Exercise description: Restate every line of the data word for word, except for the images.

Supplied information:
[Start of Attachment]
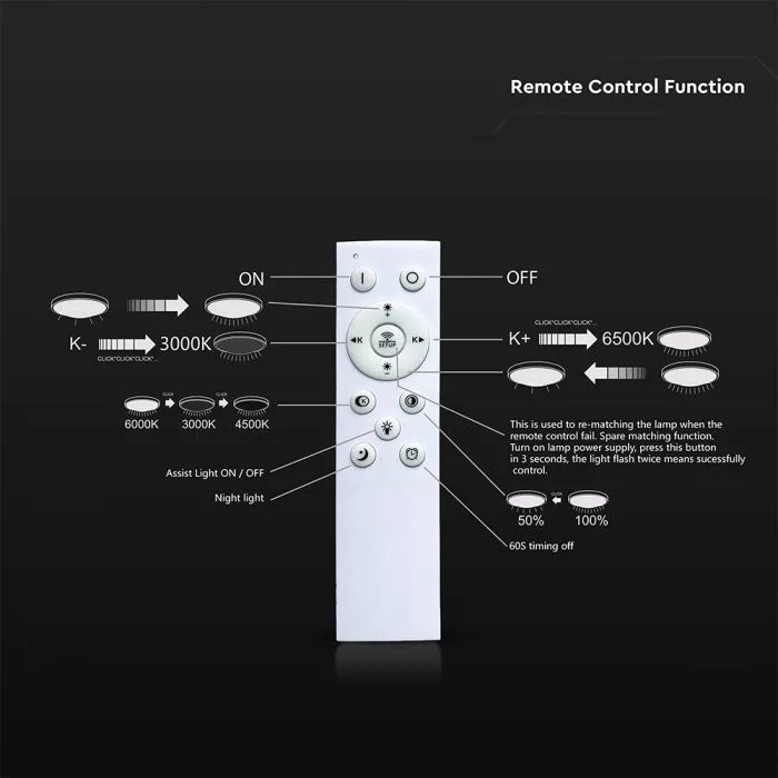 V-TAC LED mennyezeti lámpa - dimmelhető - 36W 3in1- fehér - 24139
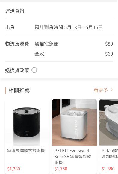 訪談中得知使用者在替寵物購買用品時,有時會遺漏或未意識到有其它用品也是需要一同購買的,因此我們在商品資訊最下方新增相關商品的推薦,也能為平台與賣家帶來更多收益。
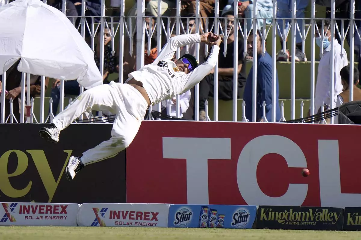 Pakistan's Saim Ayub jumps to take a catch of England's Jamie Smith on the boundary edge during the day one of third test cricket match between Pakistan and England, in Rawalpindi, Pakistan, Thursday, Oct. 24, 2024. (AP Photo/Anjum Naveed)
[End of Attachment]
Written reply:
 V-TAC LED mennyezeti lámpa - dimmelhető - 36W 3in1- fehér - 24139
 訪談中得知使用者在替寵物購買用品時,有時會遺漏或未意識到有其它用品也是需要一同購買的,因此我們在商品資訊最下方新增相關商品的推薦,也能為平台與賣家帶來更多收益。
 Pakistan's Saim Ayub jumps to take a catch of England's Jamie Smith on the boundary edge during the day one of third test cricket match between Pakistan and England, in Rawalpindi, Pakistan, Thursday, Oct. 24, 2024. (AP Photo/Anjum Naveed)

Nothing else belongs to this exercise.